Mapping the functionality of the microbiome using metabolic phenotyping
by Elaine Holmes
The contribution of the gut microbiota to human health and disease is undisputed, yet the mechanisms by which the microbiome exerts its effects remain poorly understood. Co-evolution of host and microbiome has influenced the functionality of both the microbiome and host such that metabolic complementarity exists within the microbiota and that critical biosynthetic pathways are provided for the host that significantly extend host metabolic capacity. Of all the ‘omics’ technologies, metabonomics provides one of the most accessible windows on investigating the impact of the microbiome on human health since metabolic profiles of easily obtainable biofluids such as blood plasma and urine carry information relating both to genetic and environmental influences, including microbiome-diet and microbiome-xenobiotic interactions. High resolution spectroscopy together with multivariate mathematical modelling has been used to model the metabolic consequences of perturbing the microbiota and to profile the effects of nutritional interventions on both the metabolism and the microbiome. Basic studies in germ free and antibiotic-treated animals have shown stark changes in the urinary and faecal metabolomes, which are largely restored to ‘normal’ following recolonization. Recent research indicates that the microbial metabolites can be predictive of response to drug treatment and to diet. This presentation describes the use of metabolic profiling to evaluate the impact of the gut microbiome on human health and focuses on applications in early and later life.

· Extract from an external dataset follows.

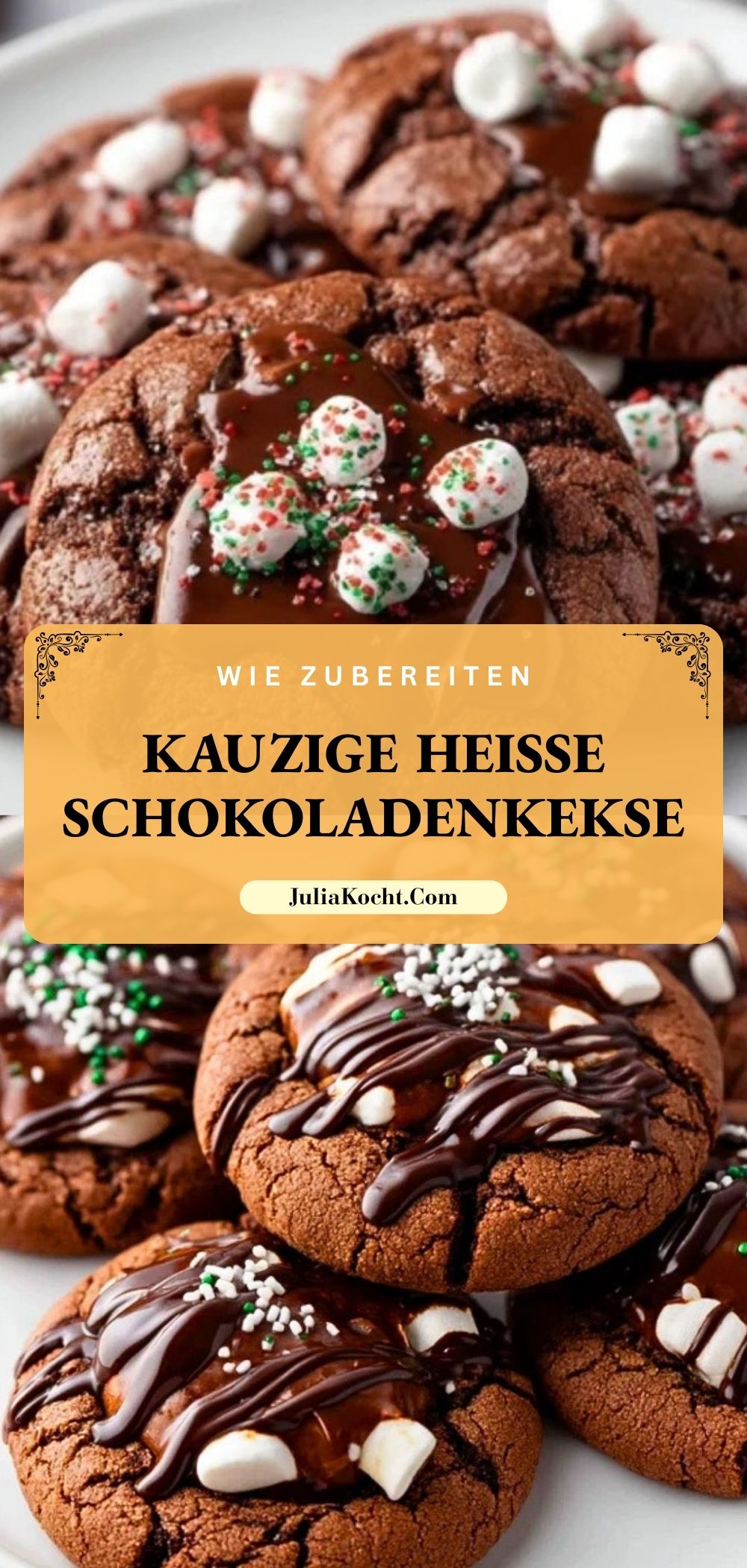 Diese Kekse bringen das wohlig-warme Gefühl einer Tasse heißer Schokolade direkt auf dein Plätzchenteller! Die weiche Schokoladenbasis, getoppt mit einer schmelzenden Marshmallow-Mitte, überzogen mit einer seidigen Schokoglasur und bunten Streuseln, macht sie zu einem Hingucker auf jeder Winter- oder Weihnachtstafel. Sie sind nicht nur ein Genuss für Schokoladenliebhaber, sondern versprechen auch ein besonderes Geschmackserlebnis für Groß und Klein – ideal für kalte Tage oder als festlicher Keks für deine nächste Keksdose.
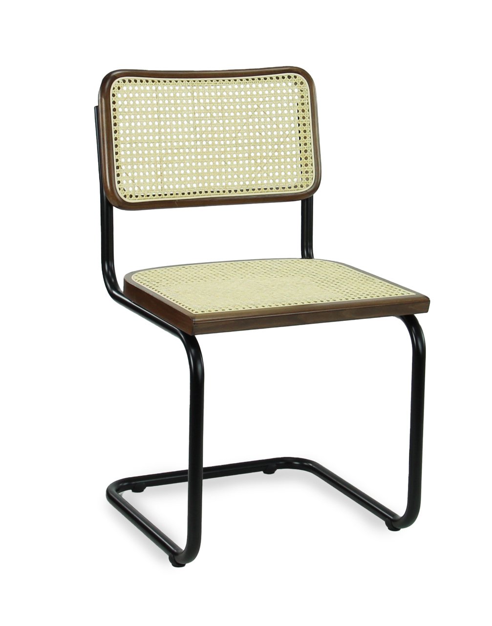 Nieuwe multifunctionele stoel. De LK 02 Francesca stoel heeft een mat zwart sledeframe een walnoot rand van de zitting en rugleuning. De zitting en rug zijn met echte webbing bespannen waardoor de stoel een klassieke uitstraling heeft die supermodern is in deze tijd. De stoel is geschikt voor huiselijke en zakelijke interieurs.

Holmes is an ARC Laureate Fellow at Murdoch University, where she runs the Centre for Computational and Systems Medicine in the Health Futures Institute. She obtained her PhD from the University of London in renal toxicology in 1992 and became a lecturer at Imperial College London in 1998 where she became Head of the Division of Computational Systems Medicine. She was awarded the RSC Interdisciplinary Prize for work at interface of medicine and chemistry in 2015 and was elected as a Fellow of the Academy of Medical Sciences in 2018. She has >500 publications with an H index of 134 with >76000 citations (google scholar).
Holmes is one of the pioneers in the development and implementation of metabolic phenotyping in translational clinical paradigms. The analytical framework conceptualised for metabolic phenotyping and biomarker discovery has been applied across several disease areas. She also co-developed the Metabolome-Wide Association Study concept and has shown that the microbial component of the metabolic profile is associated with a wide range of conditions including obesity, inflammatory bowel disease, allergies and certain cancers. She has an interest in metabolic mapping of mammalian responses to infectious diseases and has focussed recently on mapping the response to SARS-CoV-2 infection including exploration of the systems effect of long-covid.
Her work is internationally recognised as demonstrated by her membership of advisory bodies, editorial boards and research panels, extensive keynote and plenary lectures and visiting/adjunct professorial positions.
Evolution of the breastfed infant gut microbiome across the first year of life in the BLOSOM cohort
Background. Assembly of the human gut microbiome during early life is a complex and dynamic process. Aberrations to the early gut microbiome have been repeatedly associated with later-life disease. While previous studies have explored the temporal development of the infant gut microbiome, none have done so in an exclusively breastfed population, nor in an Australian context. Here, we characterized the temporal development of the breastfed infant gut microbiome over the first 12 months of life in the BLOSOM birth cohort.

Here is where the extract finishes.